Conservation Planning

Effective conservation planning is the foundation for successful bird habitat delivery. The Joint Venture begins conservation planning by stepping down population objectives from continental and national bird conservation plans to the JV region. These regional population objectives are then translated into measurable habitat objectives at state and local scales.

Focal Species

The individual JV bird-group strategies are the basis for habitat objectives. These strategies provide information to target bird habitat protection, restoration, and enhancement efforts in the UMGLJV geography. The common goal statement within each of the strategies is: “To establish efficient habitat conservation to maintain or increase carrying capacity for populations of priority bird species consistent with continental and JV regional goals.”

Strategic Habitat Conservation

Joint Ventures use strategic habitat conservation (SHC), an adaptive, science-based approach to conservation, to consider the biological and ecological aspects of birds and their habitat requirements at multiple spatial scales, as well as the social science that is the foundation for the human dimensions aspect of conservation.
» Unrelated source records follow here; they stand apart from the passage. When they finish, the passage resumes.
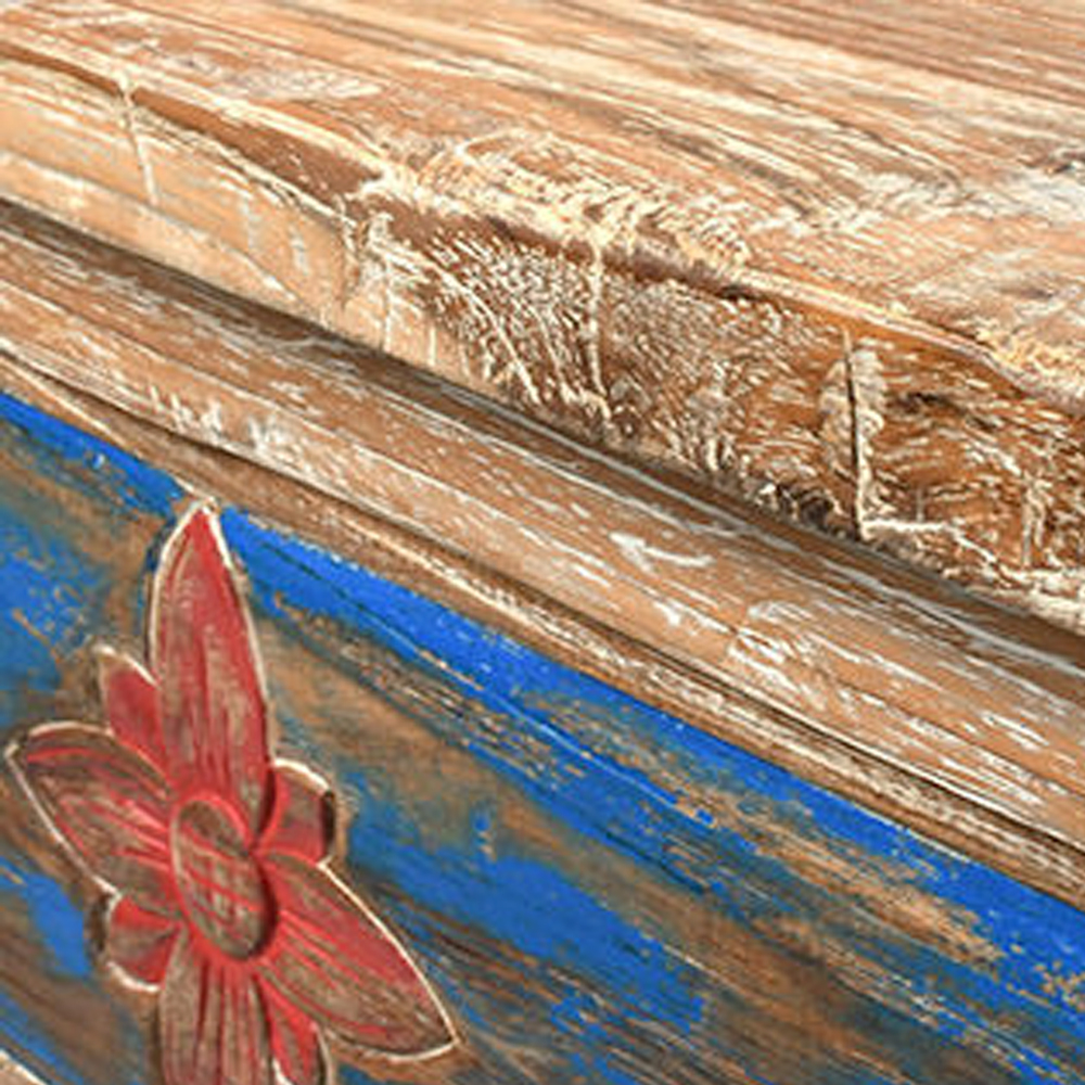 This long teak coffee table will add a splash of vintage colour into your living room. Our artisans lovingly paint by hand and distress the carved detailing around the sides.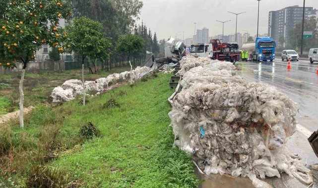 Adana'da naylon atık yüklü tırın kontrolden çıkması sonucu otoyolda tehlike dolu anlar yaşandı. Bariyerlere çarparak durabilen tırın kasasındaki atıklar yola savruldu, otoyol adeta çöplüğe döndü.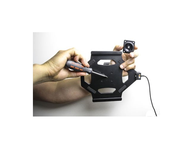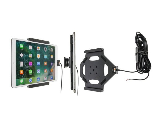Uchwyt aktywny Brodit (PN: 527977) do montażu stałego do Apple iPad Pro 10.5 (A1701, A1709). Wyposażony został w obrotową regulację nachylenia oraz kabel do ładowania zatwierdzony przez Apple.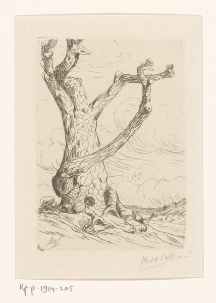 Gretha Pieck made this black ink woodcut called 'Linde in Lage Vuursche'. The bold lines, they remind me of Paula Modersohn-Becker! I love the way she coaxes so much life and movement out of these lines. There's a real drama to it, don't you think? It's a dance between the black ink and the bare paper. The artist isn't afraid to let some areas just be empty, and that makes the tree stand out even more. Look at the upper part of the tree - it's like an explosion of tiny lines, a real contrast to the blank sky. And down at the bottom, the roots are like grasping claws! I wonder, what was Pieck feeling when she made this? Was she thinking about the tree’s age, its strength, or maybe something else entirely? It feels like a conversation, and the more I look, the more I hear it.

Strategic habitat conservation is built on five main components:

  1. Biological Planning – working with partners to establish shared conservation targets and measurable biological objectives, and identifying limiting factors affecting our shared conservation targets;
  2. Conservation Design – creating tools that allow us to direct conservation actions to most effectively contribute to measurable biological outcomes,
  3. Conservation Delivery – working collaboratively with a broad range of partners to create and carry out conservation strategies with value at multiple spatial scales, and
  4. Outcome-based Monitoring – evaluating the effectiveness of conservation actions in reaching biological outcomes to then adapt future conservation planning and delivery and
  5. Assumption-driven Research – testing assumptions made during biological planning to refine future plans and actions. Both monitoring and research help us learn from our decisions and activities to improve them over time.